33 The Tribunal accurately recorded the substance of Dr Chung's evidence. Dr Chung reported, in relation to the procedures described by Items 18252 and 18286, that Dr Sabag was either "very incompetent or fraudulent". Nevertheless, Dr Chung's evidence was coloured by the fact, as he conceded in his evidence, that he was not sure what were the procedures that Dr Sabag actually carried out and was not sure of the symptoms with which the patients presented.
34 Dr Ditton, a consultant in pain management who had earlier interviewed Dr Sabag, gave evidence as to the services which he considered Dr Sabag had in fact performed. The Tribunal summarised his view as follows:-
"Dr Ditton's overview was that, were the procedures carried out in a manner appropriate to the item numbers, full resuscitation facilities should be available. In reality, he thought that Dr Sabag was injecting local anaesthetic into the muscles and ligaments adjacent to the vertebral bodies and superficial to the cervical plexus, the paravertabral [sic] nerve roots and the sympathetic chain.
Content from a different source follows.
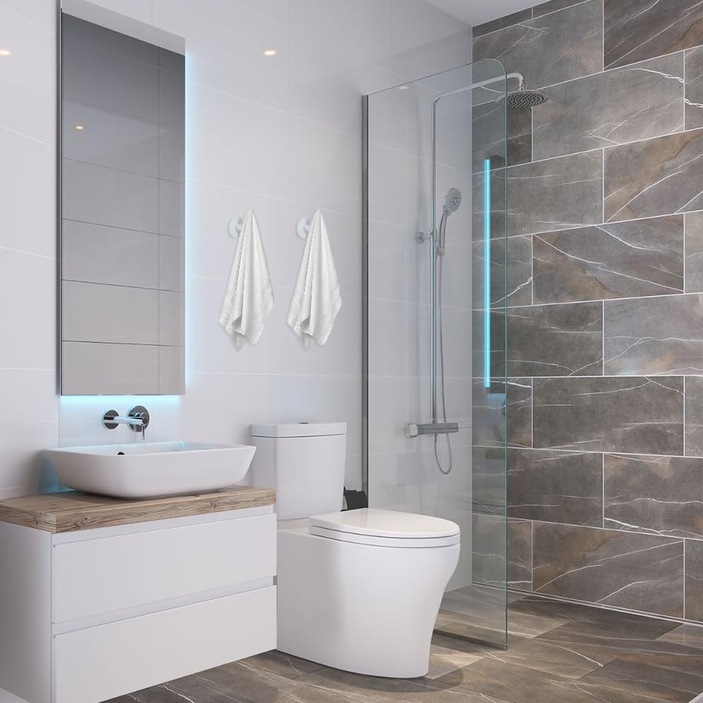 - 【Heavy Duty】The towel hooks adopt strong self-adhesive backing, which has strong adhesion and high load-bearing capacity, ensuring quality and service life. The hidden design of adhesive hooks will not damage the wall, which makes your wall clean and sturdy.

As such it was reasonable to carry out those procedures without full resuscitation equipment being available. The potential hazards would then depend on the exact site of the injection and Dr Sabag's knowledge of the regional anatomy. In his opinion, the procedures carried out by Dr Sabag were trigger point injections with some minor nerve blocks, all of which he would be prepared to carry out in his rooms under normal circumstances."
35 Dr Ditton was asked about Dr Sabag's competence. There was, for example, the following question and answer:-
"Q. His [Dr Chung's] impression was that Dr Sabag didn't know anything about what he was doing. He went on to say: 'I think he was quite ignorant of many matters which I believe he should have been acquainted with to be treating these patients'?
A. I would agree from what I have seen in that material that attempts to explain the nature of the procedures that he was carrying out were totally inadequate."
36 In its reasons for decision, the Tribunal cited the following passage from Dr Ditton's evidence when he was asked about his report of 6 June 2000:-
"Q. On the next page you say, 'Although Dr Sabag has limited knowledge', at the top of the page, 'Limited knowledge of the anatomy of the neck he would appear to have avoided injections into areas which could be hazardous'. I don't wish to press you too hard but we have had evidence from the peer saying that Dr Sabag's knowledge was not adequate and I am wondering if you would like to address that matter as you have made these comments in your letter about his lack of awareness of anatomical features?
A. On the basis of what I have said in this letter, that is from what was presented to me at that time and at that time it appeared to me that his …, knowledge of anatomy in the neck was less than it should have been to be carrying out those sorts of procedures."